= Data segment =
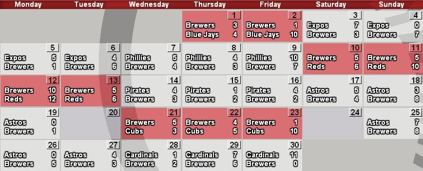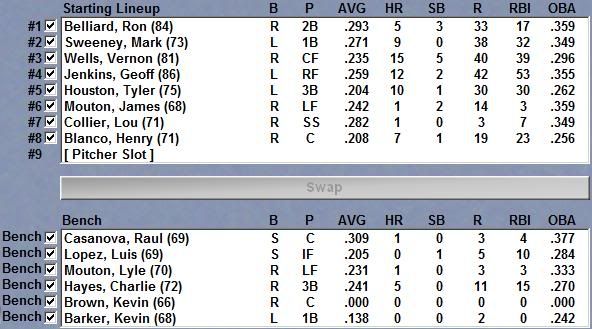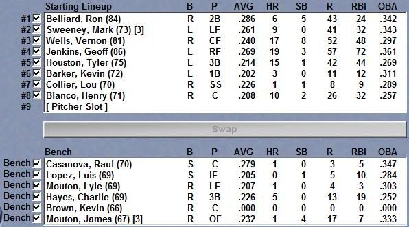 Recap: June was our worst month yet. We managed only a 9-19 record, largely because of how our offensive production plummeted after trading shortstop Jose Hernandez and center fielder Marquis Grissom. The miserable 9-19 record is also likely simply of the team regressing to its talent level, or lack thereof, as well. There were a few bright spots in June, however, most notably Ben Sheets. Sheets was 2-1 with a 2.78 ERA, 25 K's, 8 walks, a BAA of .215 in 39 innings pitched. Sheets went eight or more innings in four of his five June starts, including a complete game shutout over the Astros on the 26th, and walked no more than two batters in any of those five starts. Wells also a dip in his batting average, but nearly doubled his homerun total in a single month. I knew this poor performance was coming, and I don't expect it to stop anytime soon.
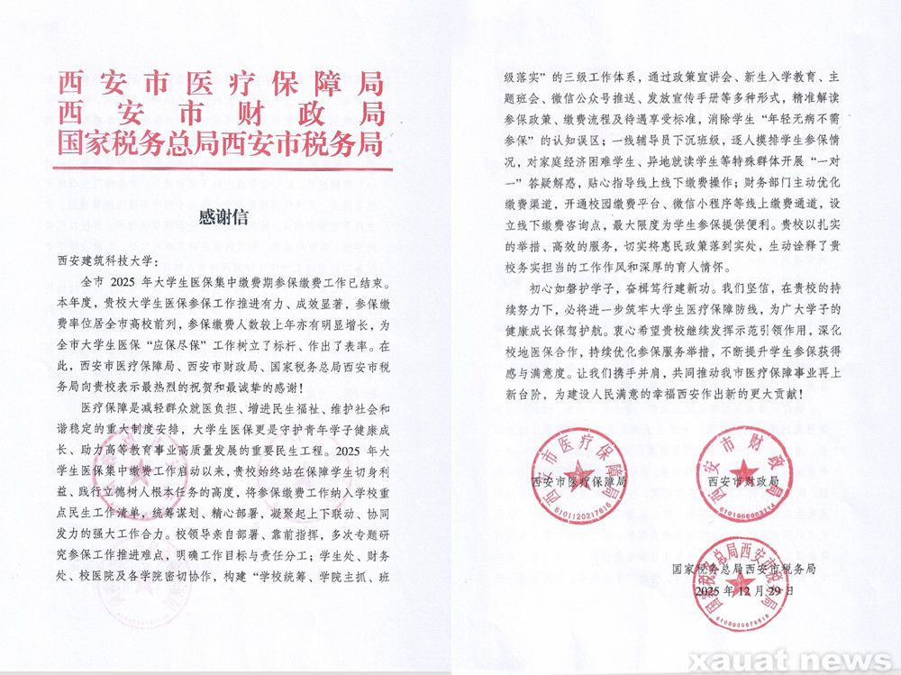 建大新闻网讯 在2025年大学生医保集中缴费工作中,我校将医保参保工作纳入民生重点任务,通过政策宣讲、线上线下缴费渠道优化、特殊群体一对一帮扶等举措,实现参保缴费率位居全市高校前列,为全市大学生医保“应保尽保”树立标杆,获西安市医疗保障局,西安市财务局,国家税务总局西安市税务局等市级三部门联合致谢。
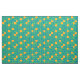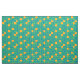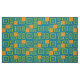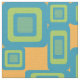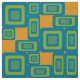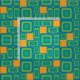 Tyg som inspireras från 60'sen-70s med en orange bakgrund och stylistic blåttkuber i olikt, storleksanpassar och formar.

= Goal of the exercise =
Whenever images occur above, omit them and retype each line exactly as it stands.

= Task output =
 Recap: June was our worst month yet. We managed only a 9-19 record, largely because of how our offensive production plummeted after trading shortstop Jose Hernandez and center fielder Marquis Grissom. The miserable 9-19 record is also likely simply of the team regressing to its talent level, or lack thereof, as well. There were a few bright spots in June, however, most notably Ben Sheets. Sheets was 2-1 with a 2.78 ERA, 25 K's, 8 walks, a BAA of .215 in 39 innings pitched. Sheets went eight or more innings in four of his five June starts, including a complete game shutout over the Astros on the 26th, and walked no more than two batters in any of those five starts. Wells also a dip in his batting average, but nearly doubled his homerun total in a single month. I knew this poor performance was coming, and I don't expect it to stop anytime soon.
 建大新闻网讯 在2025年大学生医保集中缴费工作中,我校将医保参保工作纳入民生重点任务,通过政策宣讲、线上线下缴费渠道优化、特殊群体一对一帮扶等举措,实现参保缴费率位居全市高校前列,为全市大学生医保“应保尽保”树立标杆,获西安市医疗保障局,西安市财务局,国家税务总局西安市税务局等市级三部门联合致谢。
 Tyg som inspireras från 60'sen-70s med en orange bakgrund och stylistic blåttkuber i olikt, storleksanpassar och formar.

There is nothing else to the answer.